Reaganomics in the Kinderfilmfest?

The 1984 festival mostly went off without the squabbling of the previous years. The opening film of the Kinderfilmfest, Kidco, did provoke some angry criticism. After actress Liv Ullmann, who was also president of the International Jury this year, opened the Kinderfilmfest, a film was screened that struck many observers as too forcefully propagating an “American way of life for children”. “Offensive” was the judgement of Christel and Hans Strobel in the KinderJugendfilmKorrespondenz. Given its “glorification of capitalist values”, even the amusement of the young audience members was not enough justification for Kidco. The Reagan era had reached the Kinderfilmfest.

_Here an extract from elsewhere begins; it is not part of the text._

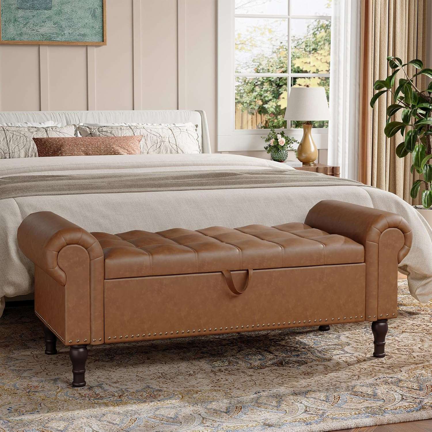Storage Ottoman Bench for Bedroom, 51" Upholstered Bedroom Bench with Rolled Arms and Vintage Rivets, Large Storage Chest for Li

1984 marked a high point in the size of the Berlinale programme. 556 films were screened in the Competition, Kinderfilmfest, Info-Schau, the New German Cinema series and in the film market alone. Added to this was the extensive programme of the Forum. But the attempt to give structure to this mass quantity by dividing it into series and special programmes instead elicited the displeasure of the commentators. It was too easy to lose track of what was going on, and the large number of films ended up being more of a drag than a delight. In a cutting review in the Süddeutsche Zeitung, the experienced festival observer Karena Niehoff symbolically waved a white flag. Eecht tu matsch | Too Much Man was the name of a film in the Kinderfilmfest this year. That hit the nail on the head.